#### TO DO
In the data below, restate exactly the lines from the one with "森达休闲高帮靴女子冬款 休闲厚底女靴子XEL01DD4 商场同款" to the final line, both included, but not the pictures.

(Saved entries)
== == ==

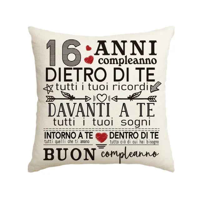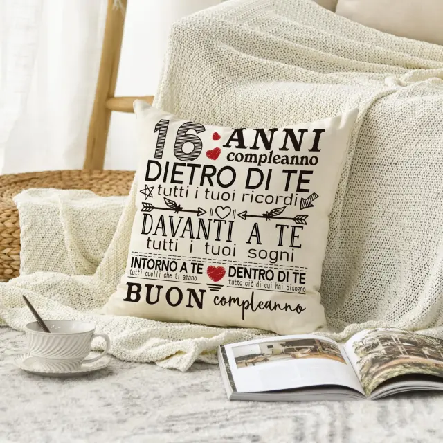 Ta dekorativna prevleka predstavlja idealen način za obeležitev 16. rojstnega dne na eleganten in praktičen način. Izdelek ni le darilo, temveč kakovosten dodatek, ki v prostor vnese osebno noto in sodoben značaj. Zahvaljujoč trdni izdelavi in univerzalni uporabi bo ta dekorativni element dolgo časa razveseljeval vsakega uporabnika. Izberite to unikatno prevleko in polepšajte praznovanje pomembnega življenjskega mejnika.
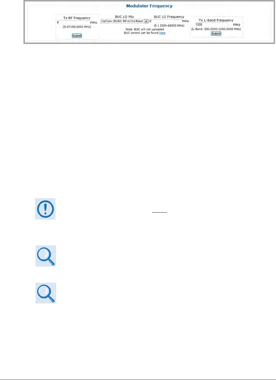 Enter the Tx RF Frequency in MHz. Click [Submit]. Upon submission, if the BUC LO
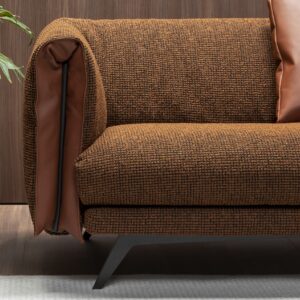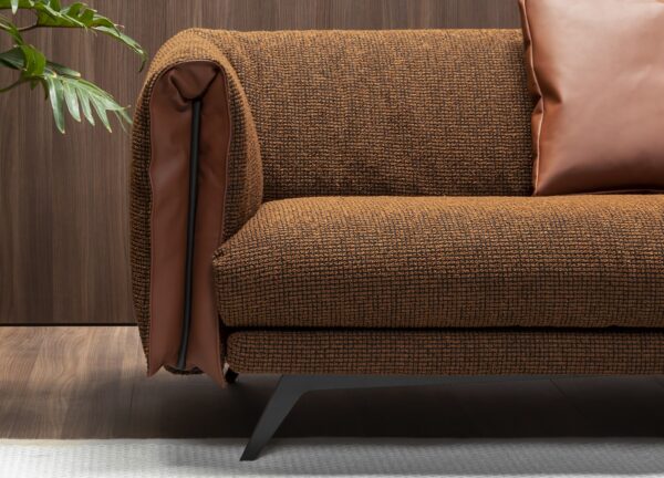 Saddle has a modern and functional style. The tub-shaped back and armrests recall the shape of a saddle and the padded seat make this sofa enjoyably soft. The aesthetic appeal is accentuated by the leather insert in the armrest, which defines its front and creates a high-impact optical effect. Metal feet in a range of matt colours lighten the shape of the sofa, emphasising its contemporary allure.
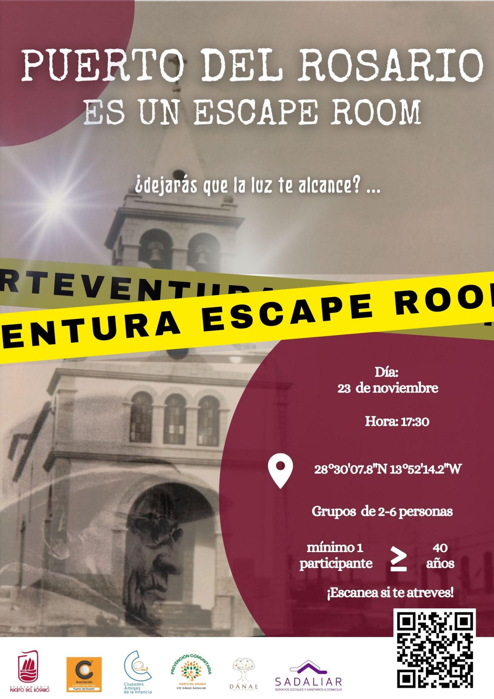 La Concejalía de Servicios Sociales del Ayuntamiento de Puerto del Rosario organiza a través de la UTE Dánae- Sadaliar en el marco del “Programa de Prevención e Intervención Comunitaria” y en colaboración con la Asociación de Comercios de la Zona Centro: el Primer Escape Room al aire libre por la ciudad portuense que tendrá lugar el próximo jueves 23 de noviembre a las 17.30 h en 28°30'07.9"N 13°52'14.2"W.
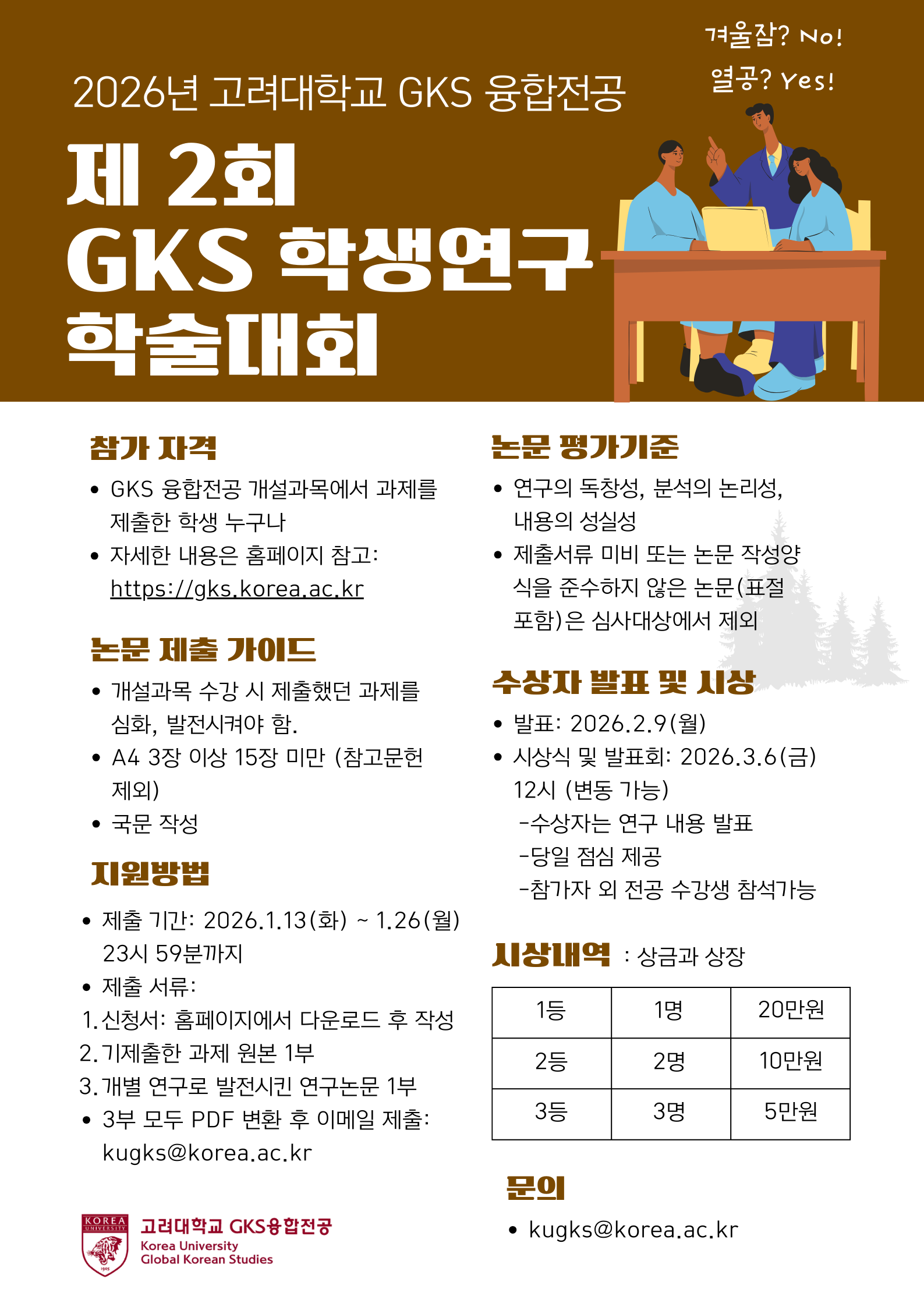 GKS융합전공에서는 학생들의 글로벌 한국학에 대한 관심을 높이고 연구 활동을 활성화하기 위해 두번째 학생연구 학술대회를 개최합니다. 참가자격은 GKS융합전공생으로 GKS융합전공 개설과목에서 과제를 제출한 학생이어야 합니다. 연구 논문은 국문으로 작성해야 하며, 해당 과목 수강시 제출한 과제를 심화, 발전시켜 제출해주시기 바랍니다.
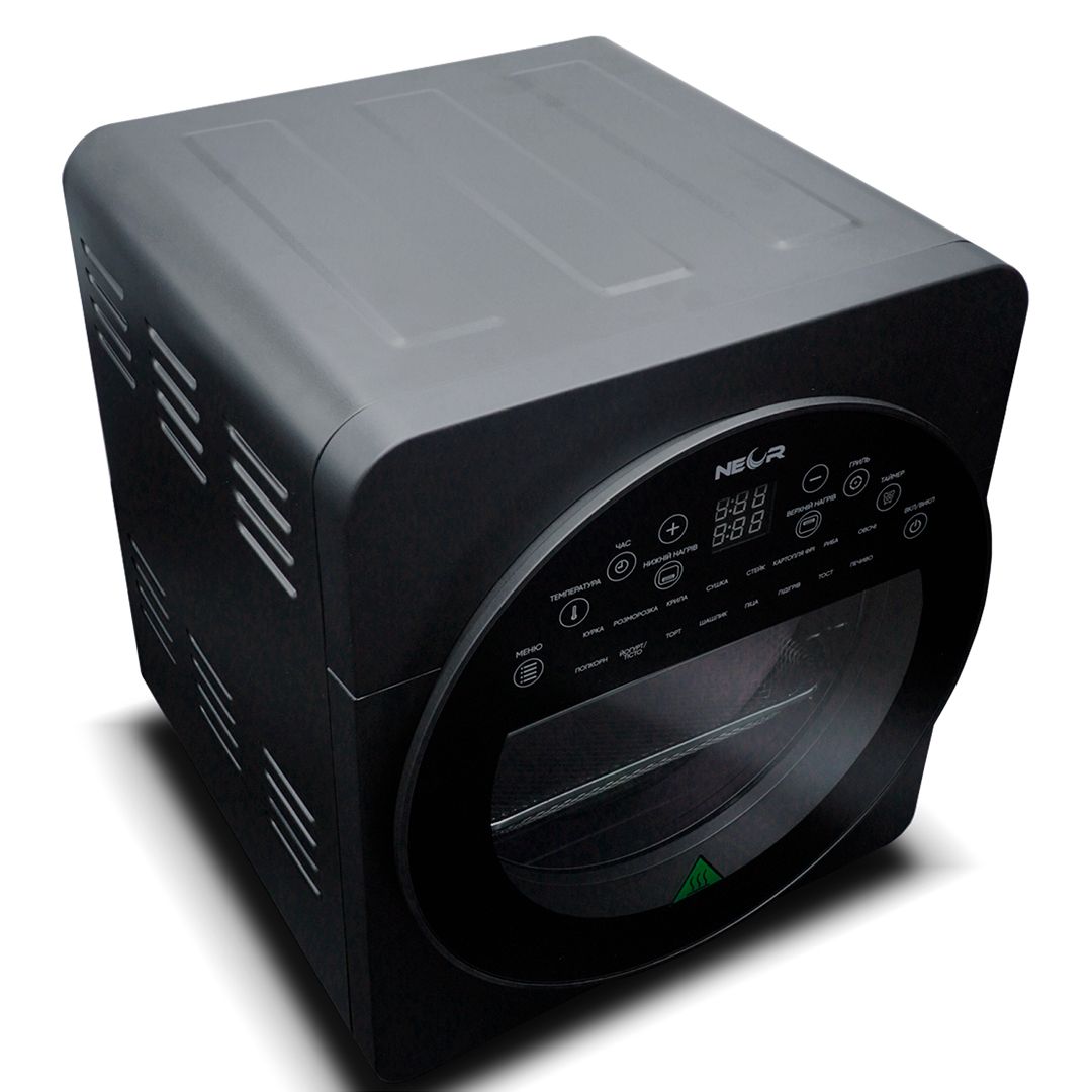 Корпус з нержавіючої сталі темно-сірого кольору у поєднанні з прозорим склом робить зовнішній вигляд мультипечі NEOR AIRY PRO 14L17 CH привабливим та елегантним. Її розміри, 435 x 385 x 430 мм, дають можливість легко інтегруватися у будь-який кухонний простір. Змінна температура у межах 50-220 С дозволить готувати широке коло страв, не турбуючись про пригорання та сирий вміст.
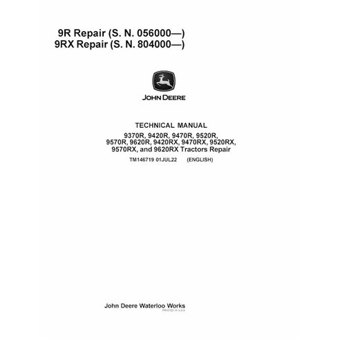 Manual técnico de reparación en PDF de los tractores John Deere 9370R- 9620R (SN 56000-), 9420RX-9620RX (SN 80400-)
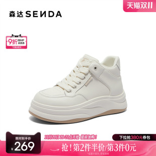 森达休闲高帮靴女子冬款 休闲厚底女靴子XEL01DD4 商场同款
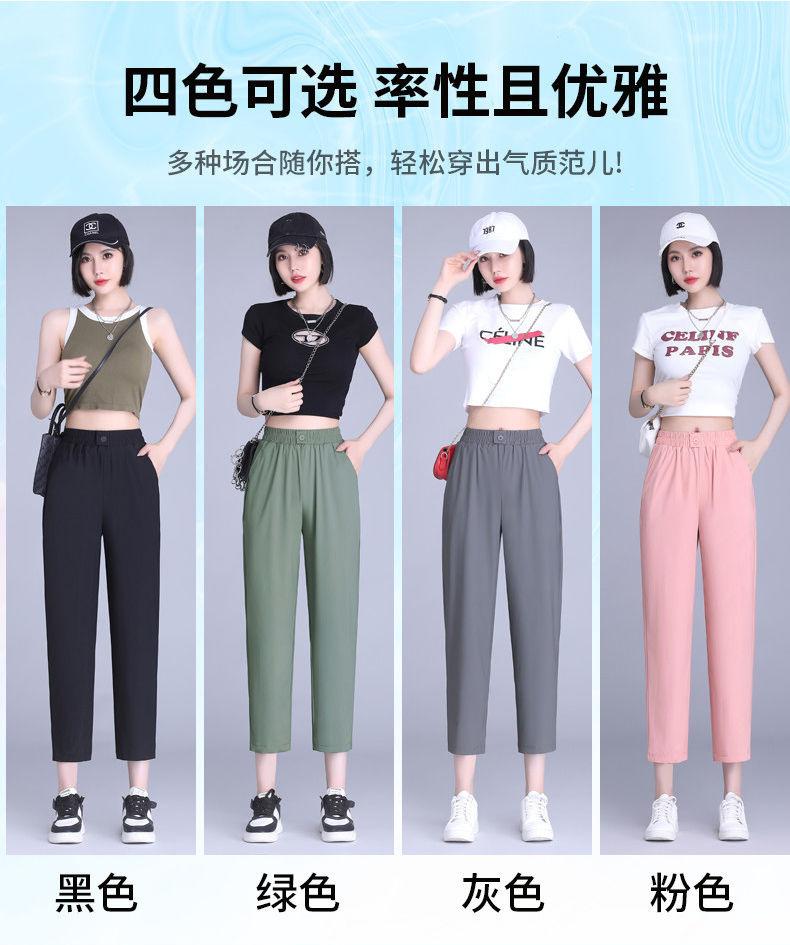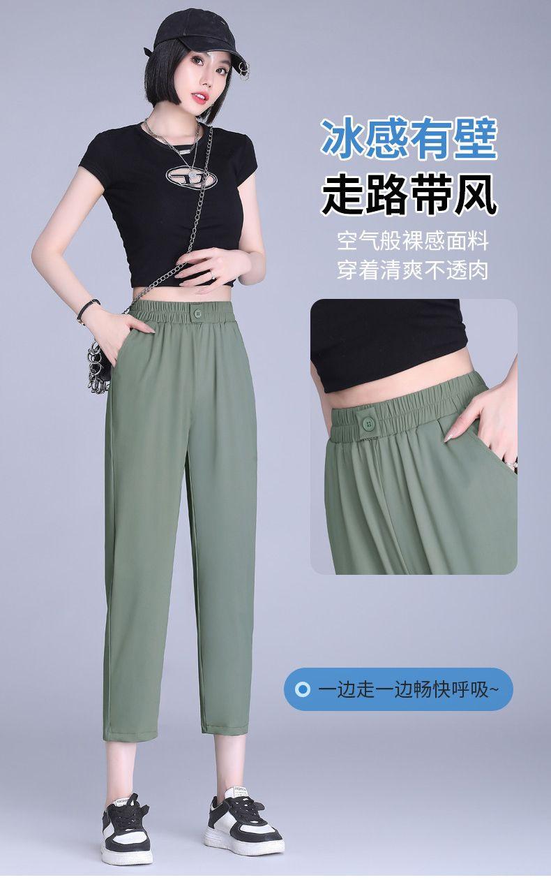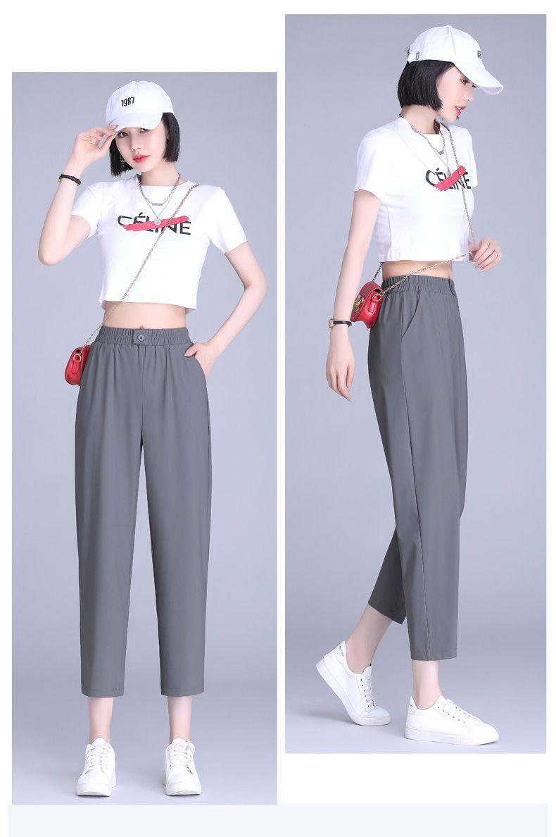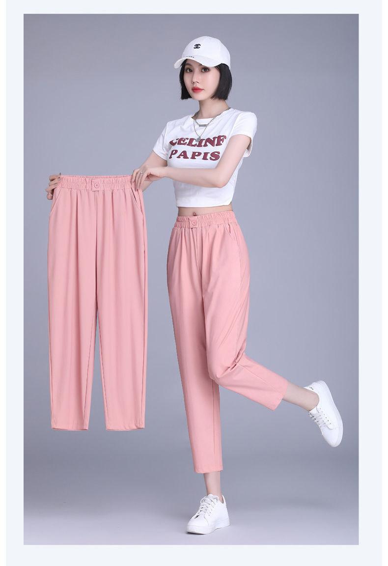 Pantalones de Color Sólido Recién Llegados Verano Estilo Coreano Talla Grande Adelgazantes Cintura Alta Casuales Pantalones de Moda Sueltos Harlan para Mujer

== == ==

#### RESULT OF THE TASK
 森达休闲高帮靴女子冬款 休闲厚底女靴子XEL01DD4 商场同款
 Pantalones de Color Sólido Recién Llegados Verano Estilo Coreano Talla Grande Adelgazantes Cintura Alta Casuales Pantalones de Moda Sueltos Harlan para Mujer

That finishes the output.